- Born: Abd al-Hussein bin Al-Qasim bin Saleh al-Hilli 1883 Hillah, Iraq
- Died: March 14, 1956 (aged 72–73) Manama, Bahrain

Philosophical work
- School: Twelver Shia Islam
- Language: Arabic, Ottoman Turkish
- Main interests: fiqh, poetry, teaching

= Abd al-Hussein al-Hilli =

Iraqi Islamic scholar and poet

Abd al-Hussein bin Al-Qasim bin Saleh al-Hilli (عبد الحسين بن القاسم بن صالح الحلّي, born 1883, died March 14, 1956) was an Iraqi Ja’afari jurist and poet. Born in Hillah, he studied fiqh (Islamic jurisprudence) in Najaf with leading scholars in the field from 1896 to 1902, then taught the subject. He held the position of Ja’afari Sharia Cassation Judge in Bahrain, where he spent twenty years. In addition to his prowess in judicial studies and Arabic literature, he played a role in reforming the Ottoman Turkish language. He wrote an extensive body of poetry, and died in Bahrain's capital of Manama.

==Biography==
Born in Hillah, Iraq, in 1883, Al-Hilli belonged to a prominent family there. He lived in Hillah until the age of thirteen, when he moved to Najaf for his studies. Among his instructors in Najaf were Sheikh Fethullah Qa'ravi Isfahani, Mohammed Kazem Yazdi, and Muhammad Kadhim Khorasani, the last-named having been his instructor in ijtihad. Among al-Hilli's most prominent students were Ahmed Al-Waeli, Syed Kamal al-Din al-Gharifi al-Bahrani, and Muhammad Ali Zain al-Din al-Darazi.

Al-Hilli worked as a Cassation Judge in the Ja’afari Sharia Courts of Bahrain from 1935 to 1955.

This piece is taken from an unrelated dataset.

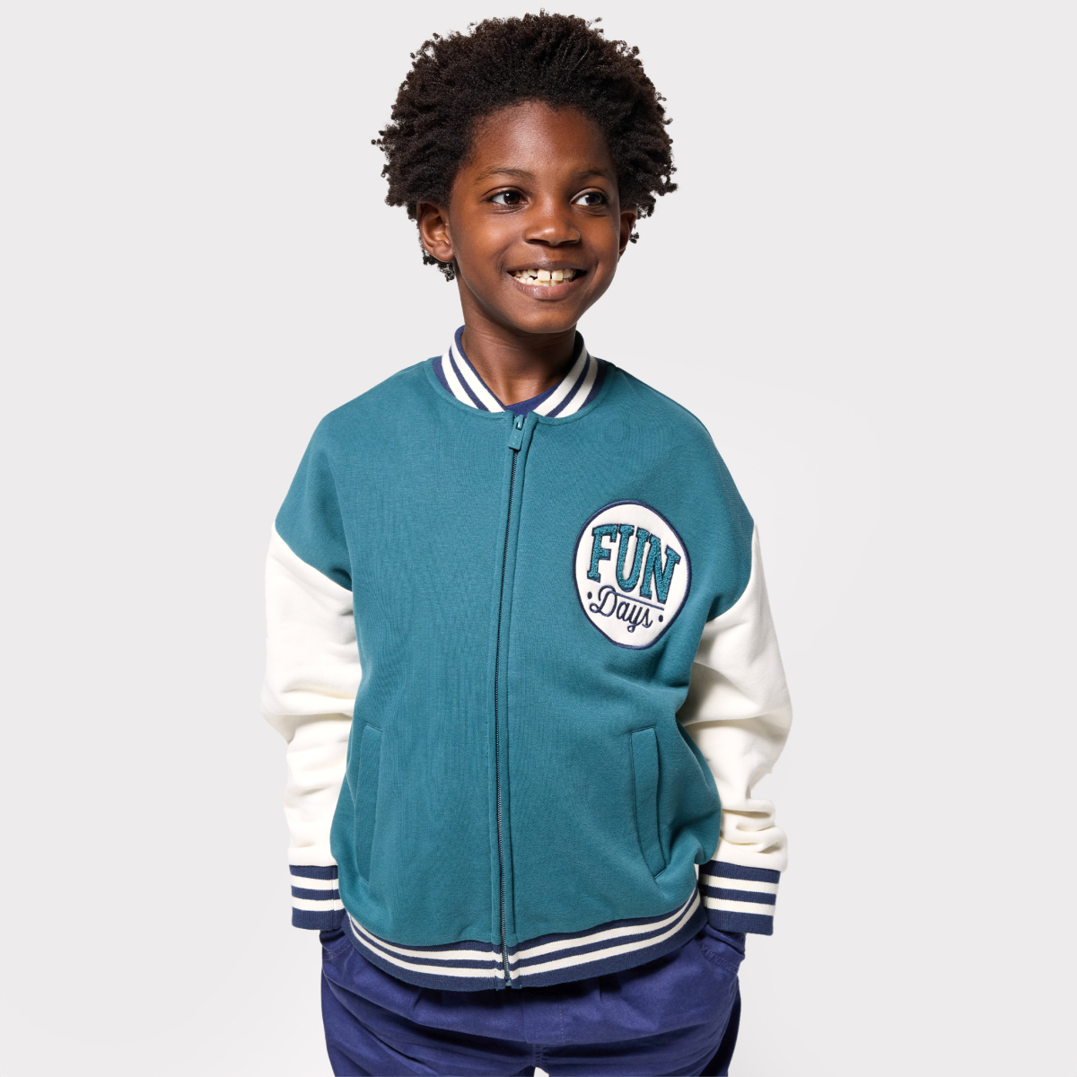 سويت شيرت تيدي، أخضر اللون، طراز الجامعة، للأولاد

He died at his home in Manama of an incurable disease, and his funeral took place on March 15, 1956.

==Personal life==
He had children with each of his two wives. He and his Iraqi wife had three sons and two daughters, among the sons an Abdul Amir. With his Bahraini wife, who died on February 18, 2007, he had two sons (Faiq and Muhammad Hadi) and three daughters.

==Works==
- حياة الشريف الرضي (“Life of Al-Sharif al-Radi”)
- شرح منظمة في الإرث (“Exegesis of a Community’s Legacy”)
- مسائل فقهيّة (“Issues of Fiqh)
- ديوان شعر (“Collected Poetry”)
Examples of his poetry are included in Sheikh Ali al-Khaqani's شعراء الغري (“Allure of Poetry”).